Key Income Tax Provisions That Every Taxpayers Should Understand
Taxes are unavoidable in the society that we are living today but there are several ways in which you can reduce or minimize their impact. If you want to manage your taxes well then you should have a proper tax plan. Failure to plan means that you will not get anywhere. When you don’t know to calculate your taxes what are you supposed to do? It is advisable for you to hire a tax professional who can assist you meet your tax returns target. Today paying taxes has been made easy because you can hire a tax professional to assist you.
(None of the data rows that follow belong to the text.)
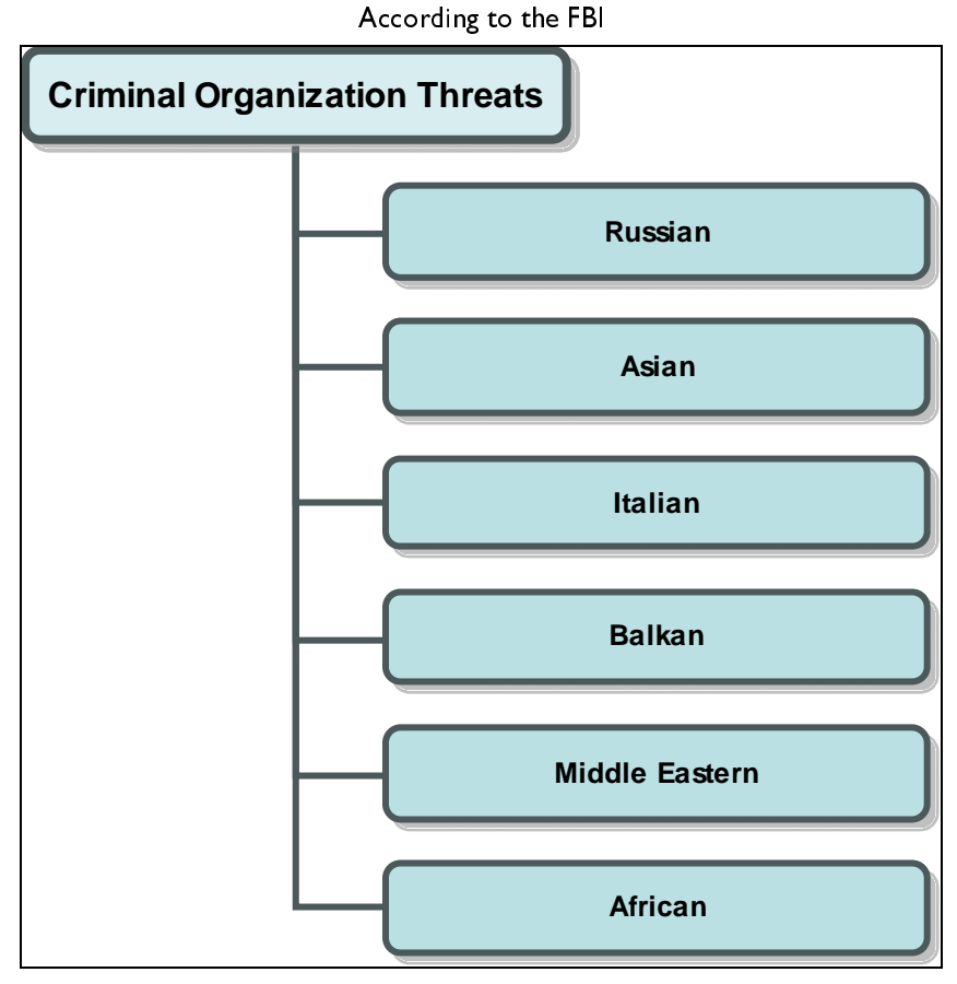
Figure 3. Organized Crime Threats in the United States

Although organized crime is popularly associated with the Italian Mafia, the breadth of organized crime in the United States includes many other criminal organizations. The FBI investigates organized crime groups that fall into three major categories: (1) La Cosa Nostra, Italian organized crime, and racketeering; (2) Eurasian/Middle Eastern organized crime; and (3) Asian and African criminal enterprises. Figure 3 outlines the top organized crime threats to the United States, as identified by the FBI. Threats to the United States posed by selected large-scale criminal organizations are discussed below.
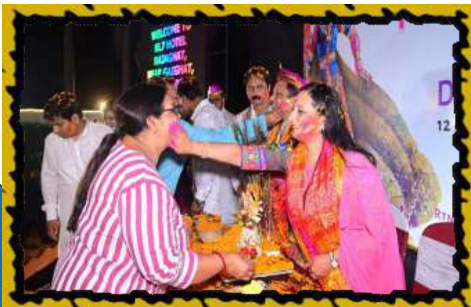
Holi Milan Program of RC Patna City Samrat
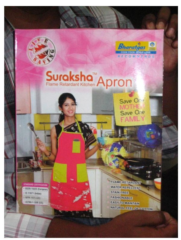
Exhibit 5. An apron with the Bharat Petroleum brand on the package.

Companies seeking to build brand trust in rural emerging markets can also piggyback on the brands of trusted corporate retailers, similar to what Whirlpool did with Sony in Japan. In rural India, ITC is a trusted brand that operates large hypermarts called "Choupal Sagaars". When a consumer sees a brand stocked in a Choupal Sagaar, the brand receives the consumer's trust because of its association with ITC. Bharat Petroleum, the second largest oil company in India and a trusted brand among consumers, also has rural retailers that stock consumer brands. When providing products to these retailers, many companies go so far as to co-opt the trusted "Bharat" brand name and put it on their own product packaging (see the top right of exhibit 5). Piggybacking on the trust that rural consumers place in local and corporate retailers can provide much needed credibility and trust for a new and unknown brand.
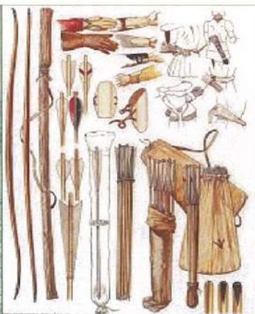
A Medieval Archer's necessary accoutrements.
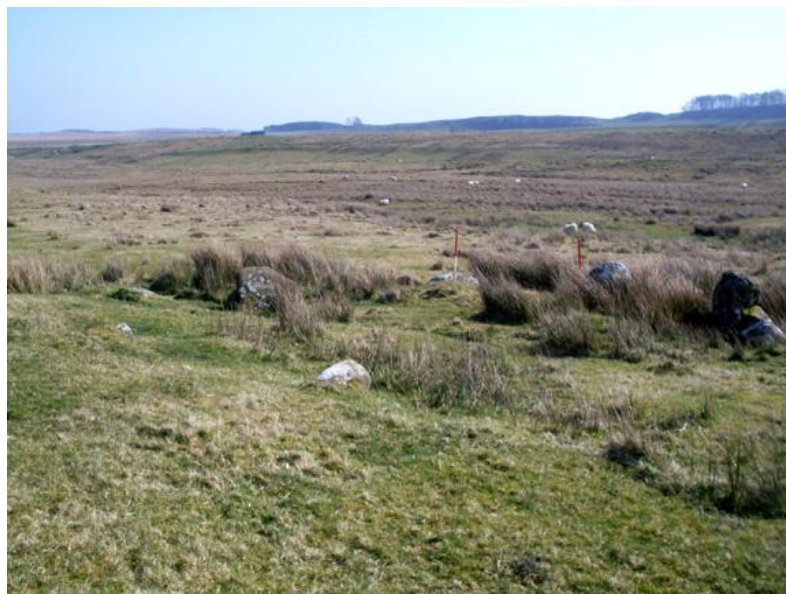
Fig. 3.6 HER 7835 Stone Circle from north-west.

The Level 1 survey reports notes “At NY 80216 71203 there is a scheduled monument ‘stone circle’ (HER 7835, SM 20976). There are aspects of this monument that posed questions for us. Although three of the 11 recorded stones stand to a reasonable height, two at 0.6m and one at 1.0m, the remaining stones are barely above surface level (0.1m). On a previous visit during 2012 a total of 13, possibly 14, stones were counted and distances between them measured, raising additional questions. The low-lying stones, which do not look like mere packing stones, are quite evenly spaced and on the northern side of the circle seem set into the rising slope (Figs 3.6 & 3.7). The fairly even spacing suggests that it is unlikely that larger stones have been robbed out. We considered whether the subsequent peat growth had led to a significant rise in surface level, but the two largest stones are in the wettest part of the site and the proximity of the ridge to the low-lying stones suggested that this is an unlikely explanation. The circle is located on sloping ground (Fig 3.6).

Below are some of the key income tax provisions that you as a tax payer need to understand in order to avoid confusion:
1. Any money that is donated in cash to registered charitable organizations or trusts is fully allowed despite the fact that this money is not more than Rs. 10,000
2. Any donation that is made to an electoral trust or to a political party is eligible for deductions of 100% or u/s 80GGC.
3. Any expenditure that has been incurred on preventive health check-ups of individual/parents/spouses or dependent parents should be deducted u/s 80D to around Rs. 5,000 and this can apply even when cash has been paid.
4.Under Chapter VI A there is a maximum deduction and this deduction has been extended from the year 2015-16 to Rs. 1,00,000 to around Rs. 1,50,000. They include investments, NSC, PPF, LIP, PPF, New Pension Schemes and much more.need more information? checkout more articles at http://www.mycentraloregon.com/2016/02/14/hiring-unlicensed-tax-preparer-can-be-risky/
5. Deductions that are available in respect of paid interest are u/s 24 and they are paid on house properties that are self occupied. They have also been extended to Rs. 2, 00,000 from Rs. 150,000.
6. In case you are planning to club your minor child’s income u/s 64 1A using your income then you are not supposed to forget that claiming Rs. 1,500 standard deductions per child.
7. We have the long term capital gains which come from Equity oriented funds, transfer of equity shares. These capital gains are exempted from the income tax payment and they are chargeable only to the security transaction tax.
8. Deduction u/s 80TTA is usually charged in respect of the interest that has been allowed which is up to around Rs.10, 000 and this is only if the tax refund has been received from a post office, banking Co or Cooperative Bank.
9. In case the assesse owns several residential houses then he or she should consider any one of them to be self occupied and consider the other as let out property.read her latest blog post for more tax return information.
10. The main aim of claiming the deduction u/s 54EC is particularly to save income tax especially on Investments in bonds of NHAI & RECI, capital gains that are long term and they should be made in less than 6 months from transfer date. Last but not least it is essential for you to visit a tax professional for advice or hire one of you don’t understand on how to calculate your tax return.